In 1830, he and representatives of twelve Teochew clans set up the Ngee Ann Kun which later became the Ngee Ann Kongsi in 1845. He was the chairman of the Kongsi until his death whereupon power passed to his sons Seah Cheo Seah and Seah Liang Seah, followed by his grandson Seah Eng Tong, resulting in a Seah monopoly on power in the Kongsi until 1928. Resentment against them caused the formation of another Teochew clan association, the Teochew Poit Ip Huay Kuan.

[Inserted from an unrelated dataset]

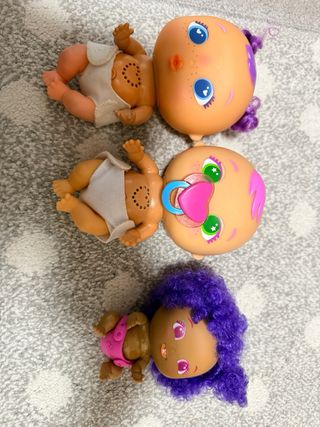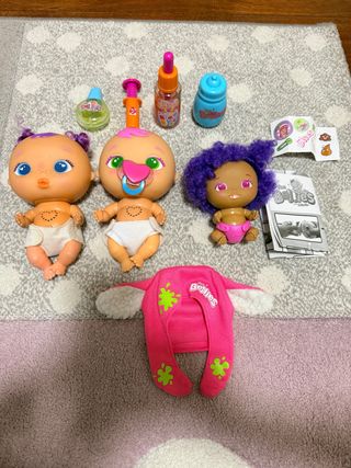 Lote de muñecas The Bellies con varios accesorios. - Tres muñecas The Bellies. - Accesorios de juego como biberones, jeringuillas y un gorro. - Pegatinas temáticas.
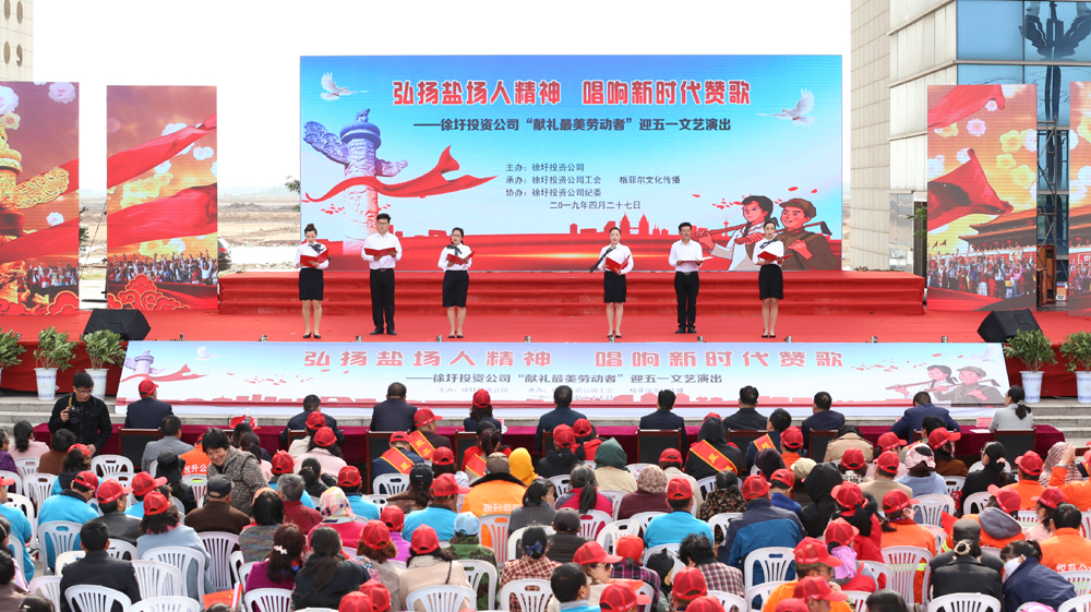 徐圩投資公司舉辦“獻(xiàn)禮最美勞動(dòng)者”文藝演出,并舉行首屆“星級(jí)員工”和“最美職工家庭”獲得者頒獎(jiǎng)儀式。

Seah Eu Chin helped run Tan Tock Seng Hospital when it was first set up, being a member, and in some years treasurer, of its management committee.

Just as the European merchant community used Chinese middlemen in conducting their business, the Straits Settlements government relied on prominent Chinese businessmen to act as go-betweens with the Chinese community. Seah Eu Chin was the go-between with the Teochew community, which originated from the Chaozhou province of Southern China. He assisted efforts to restore order during several community disturbances, including the 1854 Hokkien–Teochew Riots, which began on 5 May 1854. Contemporary accounts attributed the outbreak of violence to a dispute over the price of rice between members of the Hokkien and Teochew communities, although historians have suggested that broader tensions between the two groups may also have contributed to the conflict. More than 400 people were reportedly killed during 10 days of violence. British authorities in Singapore met with Chinese community leaders, including Seah Eu Chin representing the Teochews and Tan Kim Ching representing the Hokkiens, who assisted in efforts to end the unrest.

He was an early member of the Singapore Chamber of Commerce, established in 1837, and was made a Justice of the Peace in 1867. He had also been a member of the Grand Jury since 1851, and also had cases involving Chinese referred to him by the court. In 1872, he was made an honorary police magistrate, along with four other Chinese including his brother-in-law Tan Seng Poh.

== Last years ==

Seah Eu Chin finally retired from business in 1864, to concentrate on scholarly pursuits, though he still had an interest in community affairs. For instance, his name is with that of several other Chinese on a petition submitted to the government requesting the suppression of illegal "Wah-Weh" gambling among the Chinese community. In the last decade of his life he lived in a mansion built by his son Seah Cheo Seah that was among the Four Mansions (四大厝 (Sì dà cuò)) of the 19th-century Chinese in Singapore.

He died on 23 September 1883, and his widow in 1905. He was buried in the family estate near the SLF Building along Thomson Road. His tomb was re-discovered in late 2012.

Several streets in Singapore are named for Seah Eu Chin and his sons, namely Eu Chin Street for Seah, Liang Seah Street, and Peck Seah Street. Seah Street, in Bras Basah, is believed to be named after the Seah family.